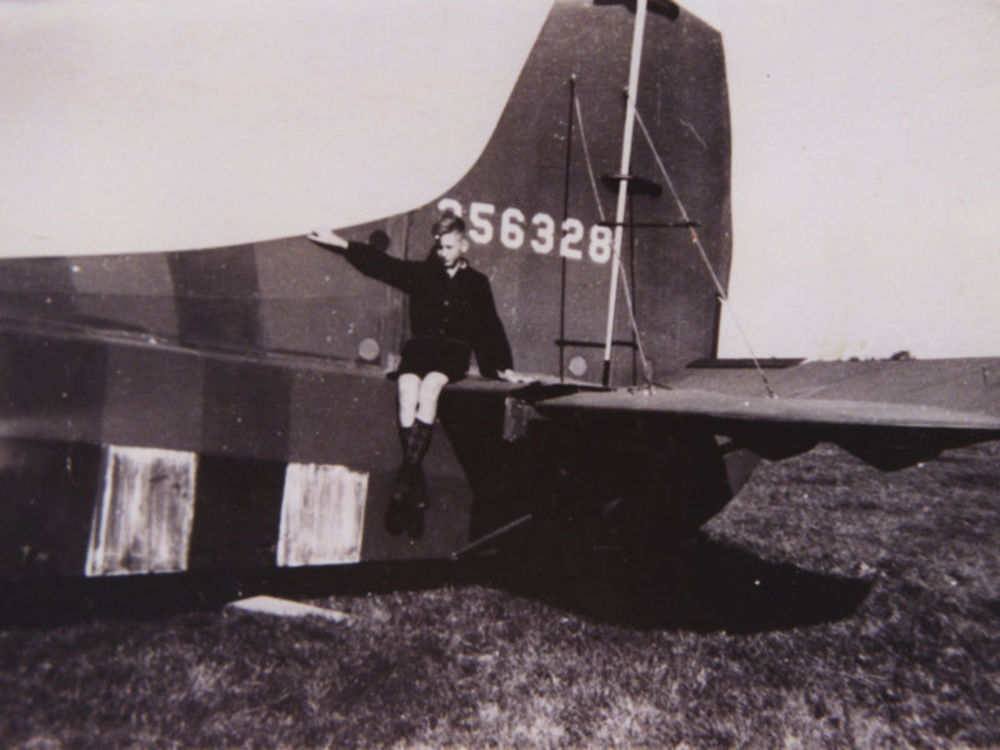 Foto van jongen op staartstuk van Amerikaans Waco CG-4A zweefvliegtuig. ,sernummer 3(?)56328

---+---

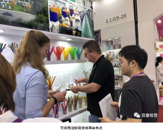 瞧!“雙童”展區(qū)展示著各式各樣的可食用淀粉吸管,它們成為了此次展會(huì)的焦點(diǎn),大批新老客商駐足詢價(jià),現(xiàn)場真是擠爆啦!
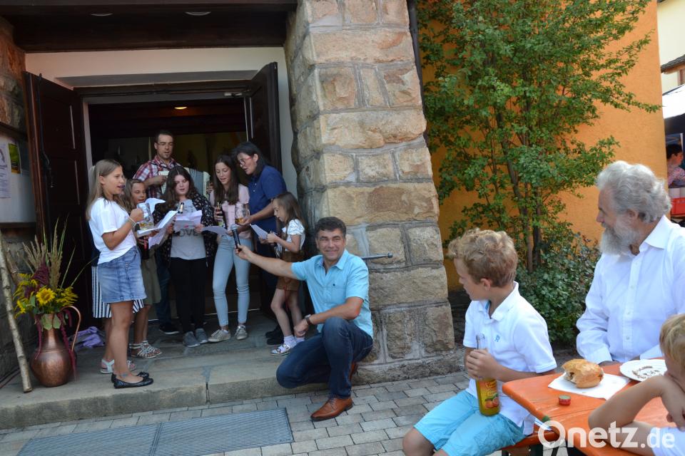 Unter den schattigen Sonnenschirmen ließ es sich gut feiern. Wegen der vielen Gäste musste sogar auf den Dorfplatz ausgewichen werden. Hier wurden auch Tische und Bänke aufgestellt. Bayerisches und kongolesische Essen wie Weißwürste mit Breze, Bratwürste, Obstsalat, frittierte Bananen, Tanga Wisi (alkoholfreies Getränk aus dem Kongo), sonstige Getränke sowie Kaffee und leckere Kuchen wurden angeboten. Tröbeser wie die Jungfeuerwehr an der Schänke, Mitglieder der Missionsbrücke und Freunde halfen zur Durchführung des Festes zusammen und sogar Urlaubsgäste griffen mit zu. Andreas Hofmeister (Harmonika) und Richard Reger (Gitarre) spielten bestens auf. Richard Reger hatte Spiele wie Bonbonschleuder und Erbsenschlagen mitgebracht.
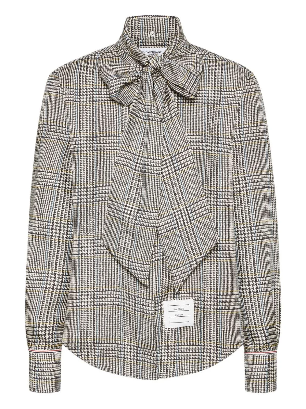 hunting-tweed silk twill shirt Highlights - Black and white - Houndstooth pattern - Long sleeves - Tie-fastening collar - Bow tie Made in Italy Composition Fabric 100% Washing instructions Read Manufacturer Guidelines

---+---

== Work instruction ==
Starting at the line with "Unter den schattigen" and finishing at the line with "hunting-tweed silk twill", copy the material above exactly, both lines included. Nothing else goes in, and no pictures.

== Reply ==
 Unter den schattigen Sonnenschirmen ließ es sich gut feiern. Wegen der vielen Gäste musste sogar auf den Dorfplatz ausgewichen werden. Hier wurden auch Tische und Bänke aufgestellt. Bayerisches und kongolesische Essen wie Weißwürste mit Breze, Bratwürste, Obstsalat, frittierte Bananen, Tanga Wisi (alkoholfreies Getränk aus dem Kongo), sonstige Getränke sowie Kaffee und leckere Kuchen wurden angeboten. Tröbeser wie die Jungfeuerwehr an der Schänke, Mitglieder der Missionsbrücke und Freunde halfen zur Durchführung des Festes zusammen und sogar Urlaubsgäste griffen mit zu. Andreas Hofmeister (Harmonika) und Richard Reger (Gitarre) spielten bestens auf. Richard Reger hatte Spiele wie Bonbonschleuder und Erbsenschlagen mitgebracht.
 hunting-tweed silk twill shirt Highlights - Black and white - Houndstooth pattern - Long sleeves - Tie-fastening collar - Bow tie Made in Italy Composition Fabric 100% Washing instructions Read Manufacturer Guidelines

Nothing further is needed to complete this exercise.